In 2015 the UK Supreme Court ruled that UK police were justified in their invasion of John Catt’s privacy. But now the European Court has agreed to hear the case.

Meanwhile, the Met Police has said it still holds intelligence on four journalists who are members of the National Union of Journalists: Jason Parkinson, David Hoffman, Mark Thomas and Jess Hurd. According to the NUJ, the force says it has destroyed records held by journalist Jules Mattson.

The five found out they were on the Met’s “domestic extremism database” in 2014 by filing subject-access requests under the Data Protection Act. They were tracked apparently purely as a result of their journalistic activities covering demonstrations.

The Catt legal appeal comes as the NUJ and the News Media Association seek a change in the Investigatory Powers Bill to protect journalists and their sources from electronic state surveillance.
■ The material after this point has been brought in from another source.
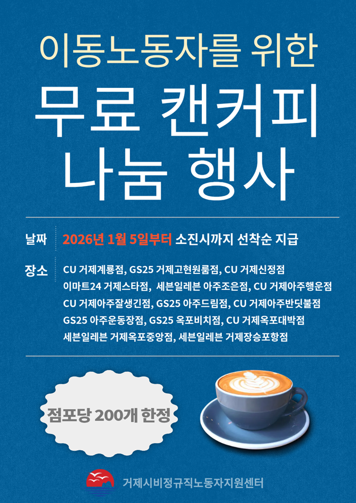 [시사코리아저널=정종민 선임기자] 거제시비정규직노동자지원센터는 거제시와 함께 지난 혹서기 이동노동자 생수 나눔 지원사업에 이어 이동노동자 간이쉼터 상생협약을 체결한 관내 14개소 편의점(CU 거제신정점, CU 거제계룡점, GS25 거제고현원룸점, 이마트24 거제스타점, CU 거제아주행운점, CU 거제아주잘생긴점, CU 거제아주반딧불점, 세븐일레븐 아주조은점, GS25 아주드림점, GS25 아주운동장점, GS25 옥포비치점, CU 거제옥포대박점, 세븐일레븐 거제옥포중앙점, 세븐일레븐 거제장승포항점)에서 이동노동자를 위한 캔커피 나눔 사업을 진행한다.

Press Gazette has launched a petition in support of that amendment.

NUJ general secretary Michelle Stanistreet said: “During our campaign to amend the Investigatory Powers Bill we have been told that the surveillance of journalists and trade unionists in the UK is a thing of the past.

“This is patently not the case and this case is a clear reason why we must continue to challenge the illegitimate actions of the secret state. The current draft legislation falls short of vital protections we all need for a free society and democracy.”

John Catt’s lawyer Shamik Dutta said: “John Catt looks forward to the European Court making its decision as a matter of urgency. In the meantime, parliament must recognise – and address – the chilling effect unwarranted surveillance is having on freedom to protest and investigative journalism in the UK.”

David Hoffman said: “The activities of police officers conducting the surveillance are intimidating and restrict our ability to carry out our work. Their overt surveillance makes potential contacts fearful of communicating with us.

“Photographs of us are shown at briefings and distributed to officers working in public order situations. This damages our credibility with the working police officers.

“It leads to restrictions on access and attracts attention such as stops that take up our time and prevent us from working. It has a chilling effect on other journalists who might otherwise choose to cover social issues and protests. It leads to unchecked and incorrect information being passed to working police officers.

“Such information can be detrimental to our professional standing and reduce our ability to cover matters of legitimate journalistic interest. It reduces our ability to work in a positive and co-operative manner alongside the police.”